Hoje não há apenas Pedrinho e Narizinho, João e o Pé de Feijão e esses seres de antigamente: há Peppas, Lunas, Mashas e todo um universo Pollys com vida própria que surgem e desaparecem nos labirintos do Youtube. Há tantas histórias e personagens que a possibilidade de uma criança se aprofundar em uma delas, colhendo os ensinamentos que sempre moram em suas páginas, é cada vez mais difícil. Em outras palavras: a superfície é tão sedutora, imensa e bela que mergulhos aprofundados acabam se fazendo raros. Raríssimos.

Voltemos, pois, à pergunta que abriu este post: como ensinar o amor à literatura para crianças?

Arrisco uma resposta apegando-me ao puro e inegável empirismo: emprestando à literatura um pouco do universo real da criança e usando este universo como maneira de seduzi-la para as profundezas de cada livro.

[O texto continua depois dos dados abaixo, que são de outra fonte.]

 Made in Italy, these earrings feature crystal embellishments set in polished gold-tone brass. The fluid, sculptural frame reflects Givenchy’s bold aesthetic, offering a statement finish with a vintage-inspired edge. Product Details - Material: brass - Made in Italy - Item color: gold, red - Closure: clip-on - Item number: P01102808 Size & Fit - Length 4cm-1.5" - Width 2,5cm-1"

Sim, pode-se contar a história de uma avó maluca que amava fazer doideiras com a neta (sendo esta uma das histórias preferidas da minha filha). Mas e se a avó tivesse o mesmo nome da avó real – ou se a neta tivesse o mesmo nome da criança? E se, em uma história envolvendo um grande grupo de crianças, muitas tivessem os nomes de colegas reais?

Faça esse teste em casa.

Eu fiz. O resultado foi impressionante: de repente, aquele momento com o livro aberto passou a se diferenciar de todos: foi o único em que realidade e fantasia se mesclaram não apenas na imaginação, mas também nas páginas de um livro.

Foi, também, o momento em que os olhos da minha filha mais ficaram esbugalhados, que a atenção mais ficou extremada e que a curiosidade mais foi aguçada.

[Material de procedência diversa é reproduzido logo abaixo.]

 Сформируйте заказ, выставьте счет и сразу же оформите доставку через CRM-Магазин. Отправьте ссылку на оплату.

Em minha mente, o amor pela literatura se mede por esses três elementos: o estado dos olhos, da atenção e da curiosidade. Se todos permanecerem em estado de pura adrenalina é porque a receita está funcionando.

Em minha mente, isso também é um indicativo importantíssimo: significa que a maneira de se formar os leitores do futuro parte de uma mudança radical na maneira que concebemos as histórias. Hoje, os personagens precisam ser as próprias crianças em uma mescla de realidade com ficção singular ao ponto de fazê-las sentir, e não apenas ouvir, cada frase proferida em uma narrativa.